I have some code that joins two streaming DataFrames
and outputs to console.
val dataFrame1 =
df1Input.withWatermark("timestamp", "40 seconds").as("A")
val dataFrame2 =
df2Input.withWatermark("timestamp", "40 seconds").as("B")
val finalDF: DataFrame = dataFrame1.join(dataFrame2,
expr(
"A.id = B.id" +
" AND " +
"B.timestamp >= A.timestamp " +
" AND " +
"B.timestamp <= A.timestamp + interval 1 hour")
, joinType = "leftOuter")
finalDF.writeStream.format("console").start().awaitTermination()
What I now want is to refactor this part to use Datasets
, so I can have some compile-time
checking.
So what I tried was pretty straightforward:
val finalDS: Dataset[(A,B)] = dataFrame1.as[A].joinWith(dataFrame2.as[B],
expr(
"A.id = B.id" +
" AND " +
"B.timestamp >= A.timestamp " +
" AND " +
"B.timestamp <= A.timestamp + interval 1 hour")
, joinType = "leftOuter")
finalDS.writeStream.format("console").start().awaitTermination()
However, this gives the following error:
org.apache.spark.sql.AnalysisException: Stream-stream outer join between two streaming DataFrame/Datasets is not supported without a watermark in the join keys, or a watermark on the nullable side and an appropriate range condition;;
As you can see, the join
code hasn't changed, so there is a watermark on both sides and a range condition.

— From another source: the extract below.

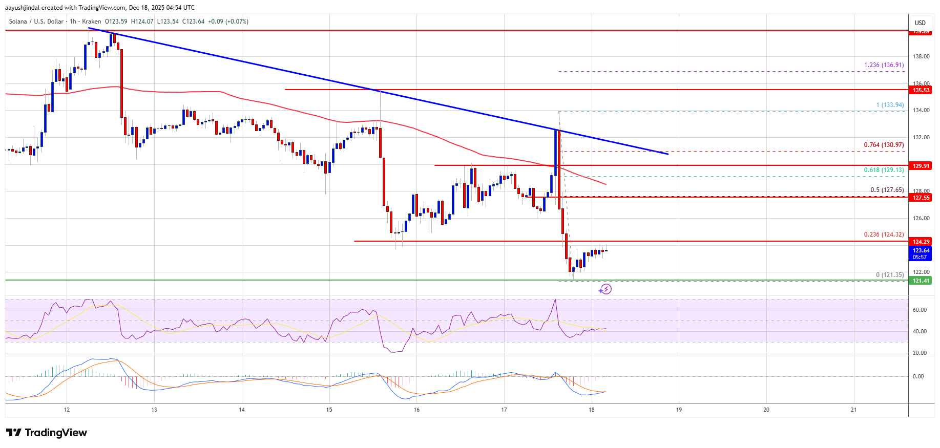 Solana is now trading below $128 and the 100-hourly simple moving average. On the upside, immediate resistance is near the $125 level. The next major resistance is near the $128 level or the 50% Fib retracement level of the downward move from the $134 swing high to the $121 low.

The only change was to use the Dataset
API instead of DataFrame
.
Also, it is fine when I use inner join
:
val finalDS: Dataset[(A,B)] = dataFrame1.as[A].joinWith(dataFrame2.as[B],
expr(
"A.id = B.id" +
" AND " +
"B.timestamp >= A.timestamp " +
" AND " +
"B.timestamp <= A.timestamp + interval 1 hour")
)
finalDS.writeStream.format("console").start().awaitTermination()
Does anyone know how can this happen?